14 DAY TRIAL // Everybody knows water is essential to all known forms of life, or that it covers almost three quarters of Earth's surface. It is found mostly in liquid state, but the other states, solid (ice) and gaseous (vapor), and their behavior were also well known to scientists.
Well, it seems we didn't know everything about water, after all. A Georgia Tech research team has discovered that water exhibits very different properties when it is confined to channels less than two nanometers wide - behaving much like a viscous fluid with a viscosity approaching that of molasses.
Molasses or treacle is a thick syrup by-product from the processing of the sugarcane or sugar beet into sugar, exhibiting high viscosity, much like honey (The word molasses comes from the Portuguese word mela?o, which is in turn the Greek mellas - honey).
Although water has some unusual characteristics, this new one was surprisingly unforeseen. For instance, when most substances are compressed into a solid, their density increases. But water is different; when it becomes ice, it becomes less dense, and that's why many scientists reasoned that when water is compressed (as it is in a nanometer-sized channel), it should maintain its liquid properties and shouldn't exhibit properties that are akin to a solid.
Several earlier studies came to that very conclusion - that water confined in a nano-space behaves just like water does in the macro world. Consequently, a number of scientists considered the case to be closed.
Georgia Tech experimental physicist Elisa Riedo and her team where puzzled by the results of some new measurements, when they directly measured the force of pure water in a nanometer-sized channel, and found evidence suggesting that water was organized into layers. Riedo conducted these measurements by recording the force placed on a silicon tip of an atomic force microscope as it compressed water.

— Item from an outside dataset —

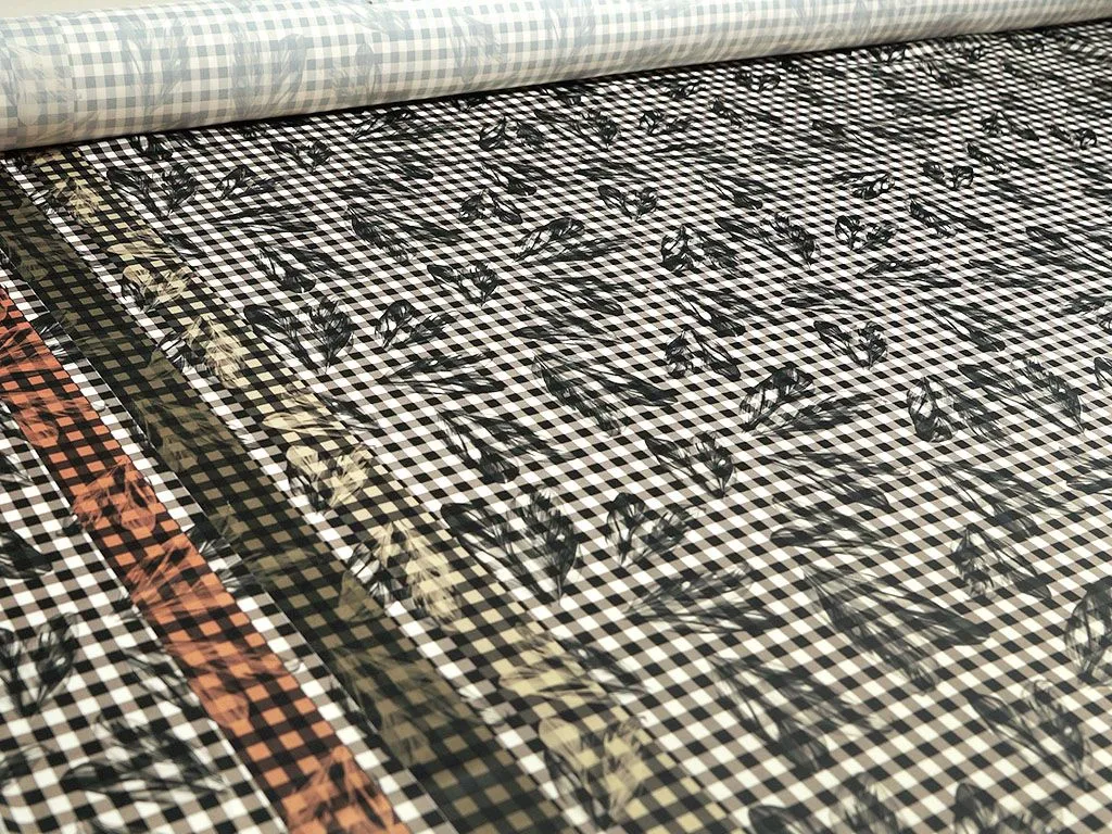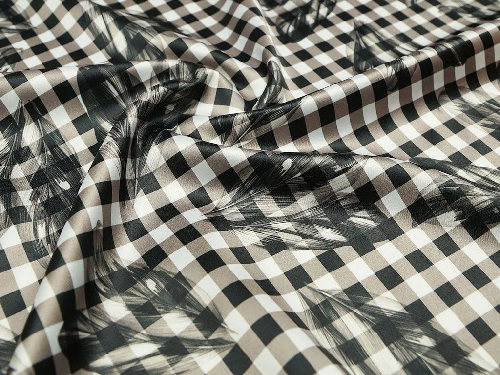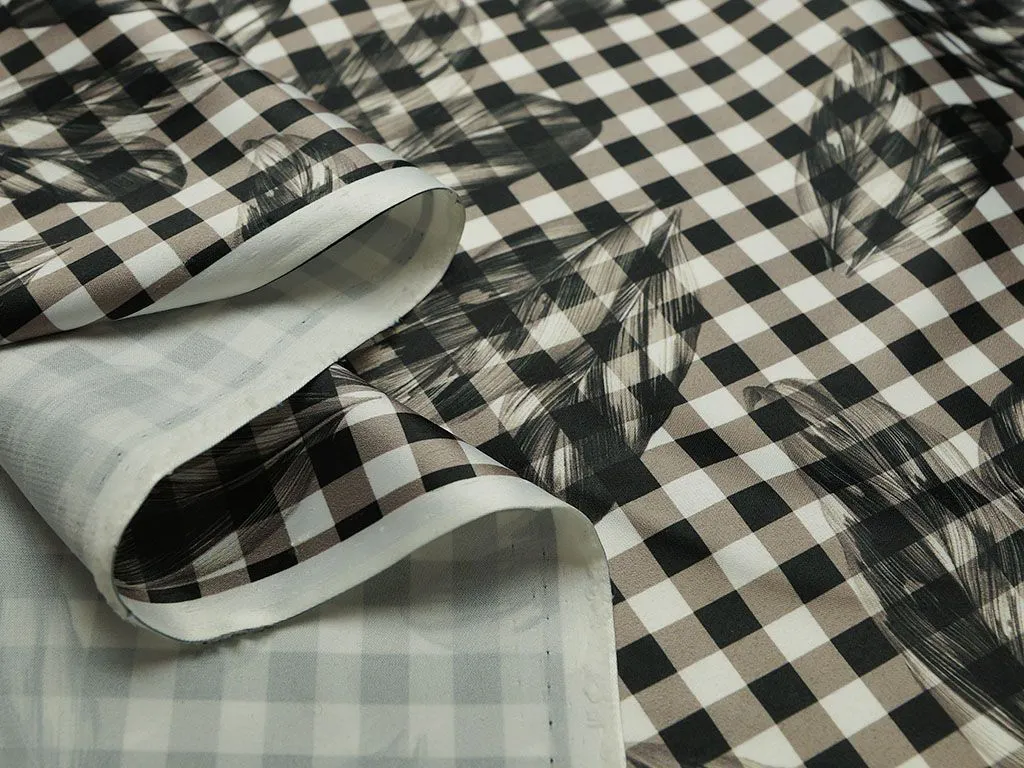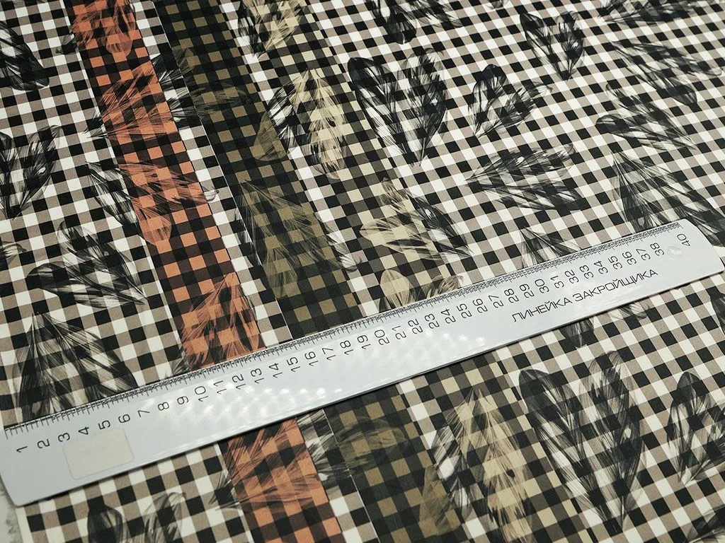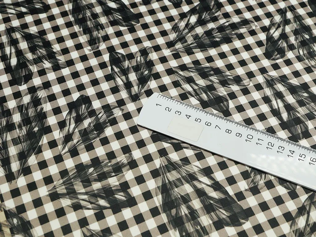Черно-белая плательная ткань в клетку, принт перья (190 г/м2)
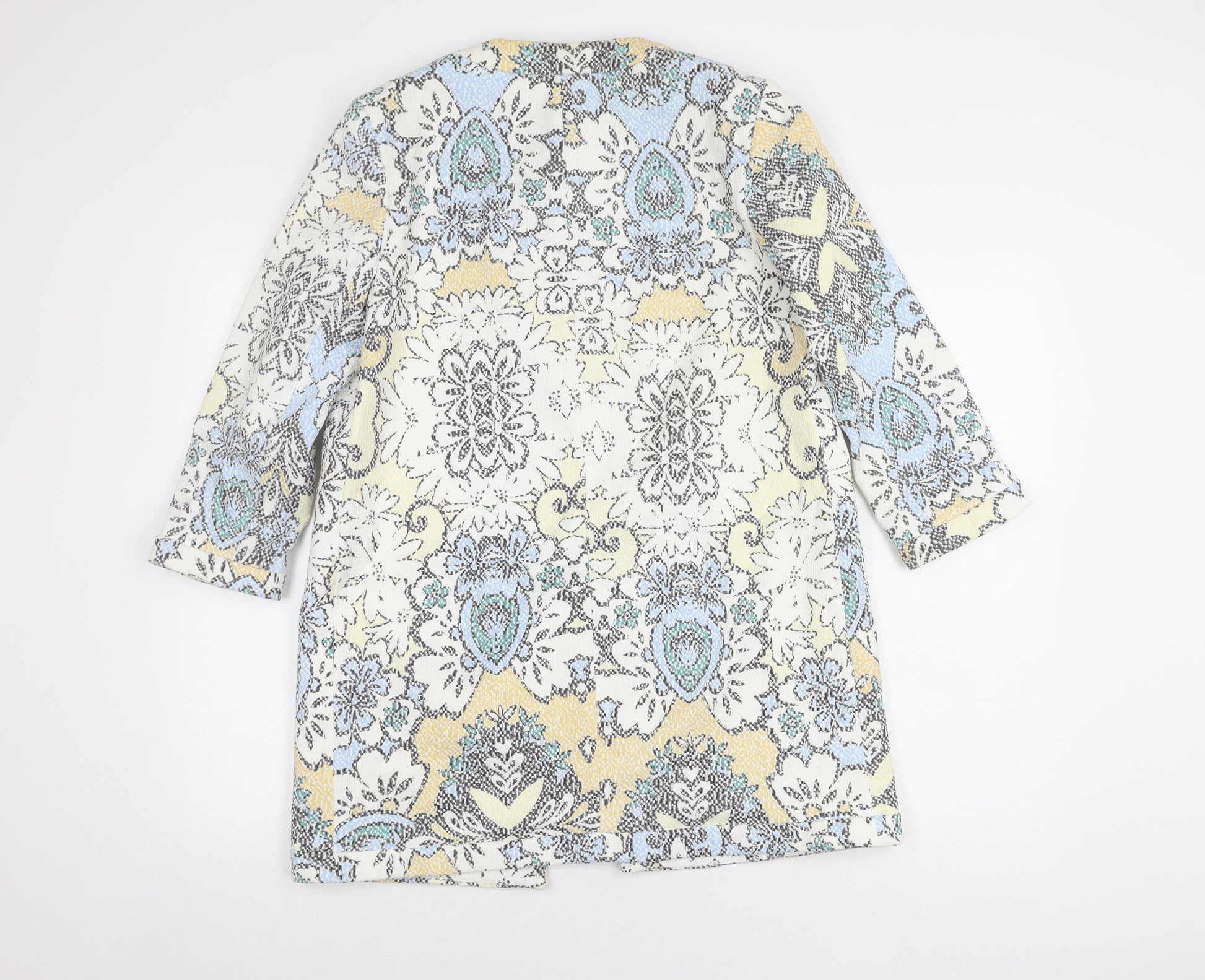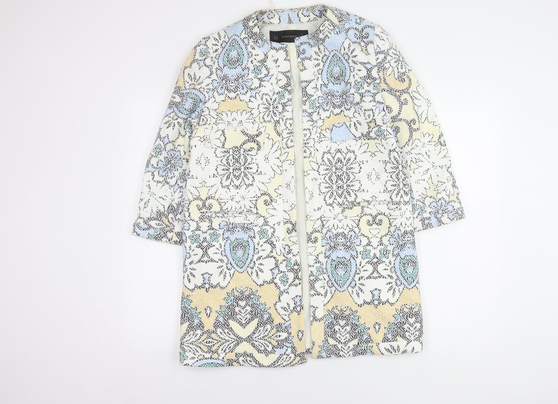 Elevate your wardrobe with this exquisite Zara Basic Women's Coat, perfect for those who love a splash of colour and an intricate design. Made entirely from polyester, this coat ensures durability while maintaining a lightweight feel. The soft material is comfortable against the skin, providing a perfect blend of style and ease. Its captivating multicoloured pattern featuring hues of yellow, blue, and black forms a beautiful ensemble fit for any fashion-forward individual. With a convenient medium size, it's tailored to offer the right amount of breathability without compromising on a chic, fitted look. This coat is ideal for a variety of occasions, from casual outings to more formal gatherings, thanks to its versatile and eye-catching design. The 3/4 sleeve length adds a modern twist, allowing for a stylish layered look with your favourite top. Gently used and in excellent condition, it presents no visible defects, ensuring you're stepping out dressed to impress. A charming addition to any collection, this coat not only provides functional warmth but also makes a bold statement. Whether you're heading to a weekend brunch or a special night out, this Zara Basic coat is your wardrobe's next staple piece. Discover effortless elegance and stand out with unparalleled refinement.

The water was confined in a nanoscale thin film on top of a solid surface.
"Since water usually has a low viscosity, the force you would expect to feel as you compress it should be very small," said Riedo, assistant professor in Georgia Tech's School of Physics. "But when we did the experiment, we found that when the distance between the tip and the surface is about one nanometer, we feel a repulsive force by the water that is much stronger than what we would expect."
As the tip compresses the water even more, the repulsive force oscillates, indicating that the water molecules are forming layers. As the tip continues to increase its pressure on a layer, the layer collapses and the water flows out horizontally.
"In effect, the confined water film behaves effectively like a solid in the vertical direction by forming layers parallel to the confining tip and surface, while maintaining it's liquidity in the horizontal direction where it can flow out - resembling some phases of liquid crystals," said Uzi Landman, director of the Center for Computational Materials Science, Regents' and Institute professor, and Callaway Chair of Physics at Georgia Tech.
Then why did these new measurements exhibit such a contradiction?
It seems that the specific conditions or the experiment led to the new find. They found that when water was placed on a hydrophilic surface, the viscosity began to increase dramatically as the thickness of the confined film reached the 1.5 nanometer range. As they continued to compress the water and measure the lateral forces, the viscosity increased by a factor of 1,000 to 10,000. On hydrophobic surfaces, they did not see such an increase in viscosity. The results of the molecular dynamics simulations support these findings, showing a dramatically decreased mobility for sub-nanometer thick water films under hydrophilic confinement.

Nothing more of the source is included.